Convention slammed for legitimising beaching of ships
HUMAN rights, labour and environmental organisations strongly criticised the Hong Kong ship recycling convention immediately after it was approved on Friday.
They said the convention was already obsolete because it would “perpetuate hazardous and polluting shipbreaking on the beaches of the world’s poorest countries, while obstructing transitions to safer and greener forms of ship recycling”.
NGO Platform on Shipbreaking director Ingvild Jenssen said: “The new convention on ship recycling adopted today will not stop a single toxic ship from being broken on the beach of a developing country.
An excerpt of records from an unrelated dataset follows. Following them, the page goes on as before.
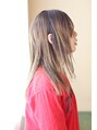 ストレートスタイルですバレイヤージュカラーでハイライトよりもしっかりとしたスジ感を!簡単にゆうとグラデーションカラーとハイライトをミックスしたような感じです!髪の根元をブルーブラックに毛先にプラチナシルバーで外国人風ヘアカラーの完成です☆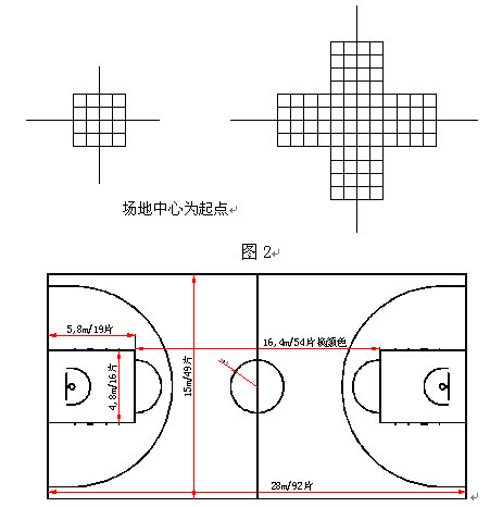 四、在場地中心點開始安裝地板,以中心線為起點由內(nèi)向外安裝,先安裝場地基本結構十字架到兩端見(圖2),再由內(nèi)向外安裝整個場地,場地面積所需地板數(shù)量見(圖),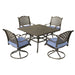 Square 4 Person 43.19" Long Aluminum Dining Set With Navy Blue Cushions, Swivel And Rocking Chairs - Antique Navy Blue
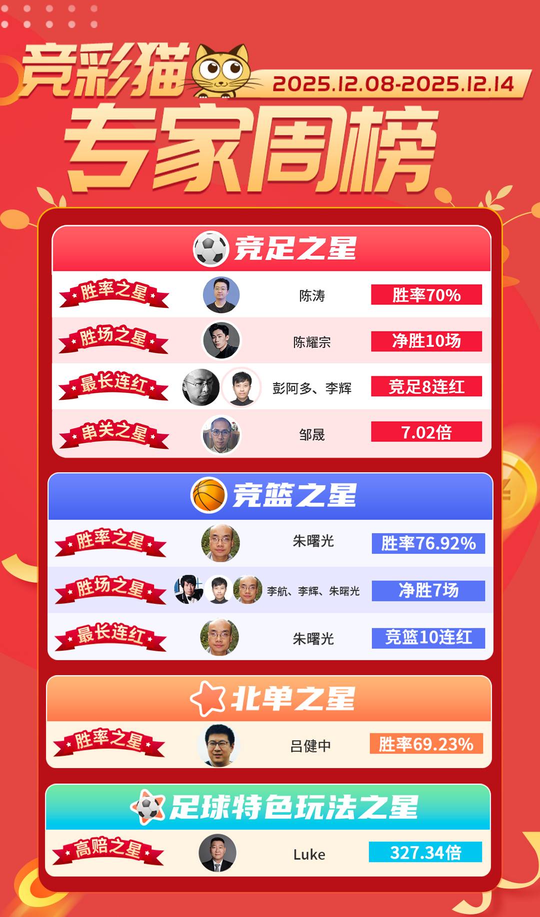 竞彩猫专家周榜(12月8日-12月14日)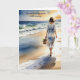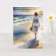 Watercolor artwork depicts a woman in a white dress walking barefoot along a sunlit beach while carrying a basket of flowers, as waves gently lap at the shore.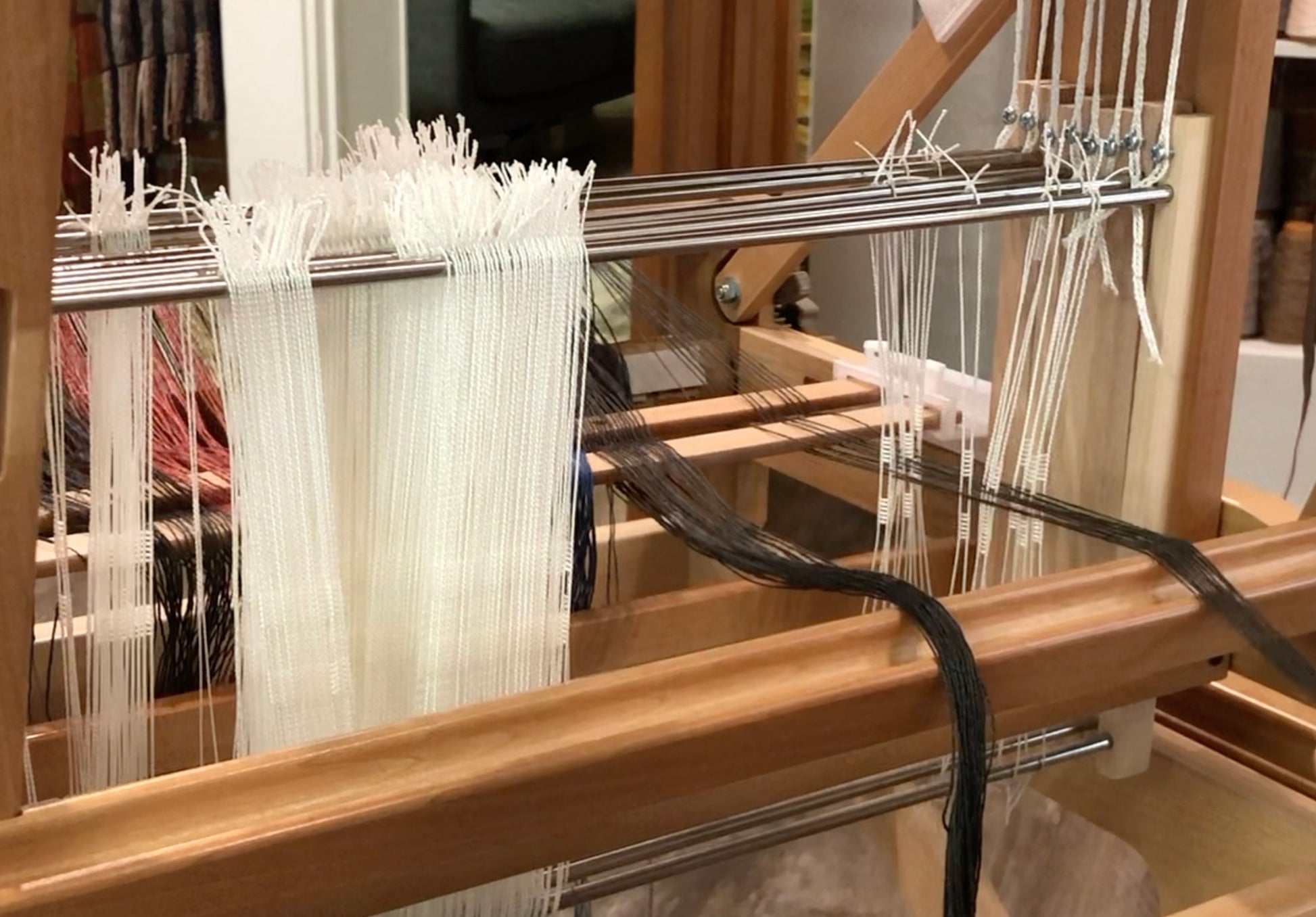 This handy tool holds your lease sticks at a convenient position for sleying the reed and beaming. Once the warp is wound on, the helping hands is moved to a position holding the lease sticks near the heddle eyes for threading.

The convention legitimises the infamous breaking yards of India, Pakistan and Bangladesh, and actually rewards these exploitive operations while punishing those companies that have invested in safer and cleaner methods.”
The NGO Platform represented 107 environmental and human rights organisations, including Greenpeace and Friends of the Earth International.
Speaking to delegates after the convention was adopted, Greenpeace representative Rizwana Hasan said: “When the workers and the environment of developing countries desperately needed a life ring, the IMO threw them useless paper.”
Ms Hasan, who is also a member of the Bangladesh Environmental Lawyers Association, said the convention failed to uphold the principles of the Basel Convention on the Control of Transboundary Movements of Hazardous Wastes and their Disposal.
The IMO convention permitted companies to export toxic end-of-life ships to developing countries without first pre-cleaning them of toxic materials.
She added that the convention also legitimised the beaching of vessels and rejected funding mechanisms, such as a mandatory shipowners’ fund, that could support use of safer and cleaner operations.
Asked by Lloyd’s List for a response to these claims, a visibly irritated Mr Mitropoulos said the convention was an important first step.
Approval of the convention was a good outcome in the circumstances as it has succeeded in putting in place international rules and standards to regulate for the first time a complex and multi-faceted issue, he said.
He added that the alternative was having “no instrument, no platform and no starting point”.